[DATASET CONTENT]

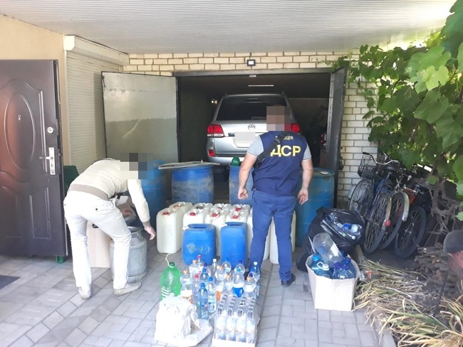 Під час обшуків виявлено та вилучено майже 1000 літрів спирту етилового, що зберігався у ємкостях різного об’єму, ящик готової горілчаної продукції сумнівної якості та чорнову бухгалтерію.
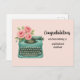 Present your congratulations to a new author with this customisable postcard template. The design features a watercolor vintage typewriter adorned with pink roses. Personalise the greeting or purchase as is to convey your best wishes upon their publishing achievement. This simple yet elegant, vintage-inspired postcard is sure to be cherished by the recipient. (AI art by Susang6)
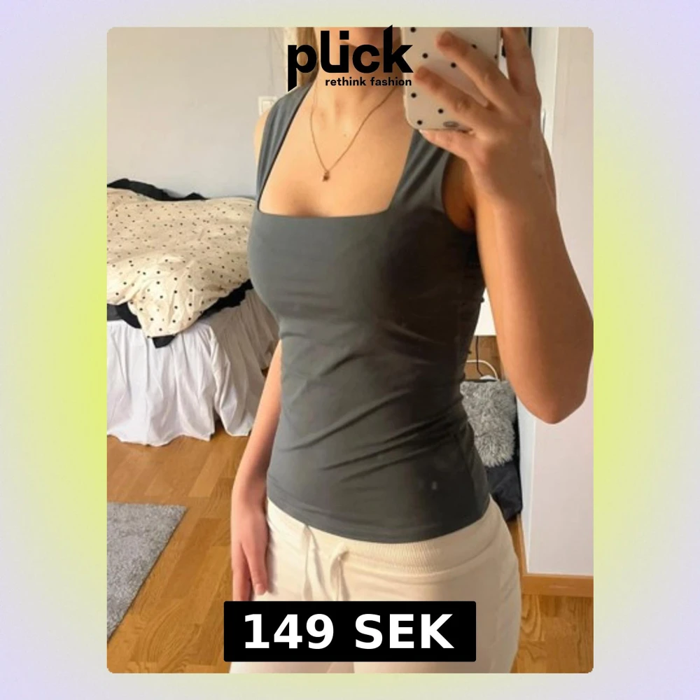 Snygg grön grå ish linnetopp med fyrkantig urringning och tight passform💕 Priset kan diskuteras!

[TO DO]
Reproduce the listing above exactly, but skip the pictures.

[YOUR RESPONSE]
 Під час обшуків виявлено та вилучено майже 1000 літрів спирту етилового, що зберігався у ємкостях різного об’єму, ящик готової горілчаної продукції сумнівної якості та чорнову бухгалтерію.
 Present your congratulations to a new author with this customisable postcard template. The design features a watercolor vintage typewriter adorned with pink roses. Personalise the greeting or purchase as is to convey your best wishes upon their publishing achievement. This simple yet elegant, vintage-inspired postcard is sure to be cherished by the recipient. (AI art by Susang6)
 Snygg grön grå ish linnetopp med fyrkantig urringning och tight passform💕 Priset kan diskuteras!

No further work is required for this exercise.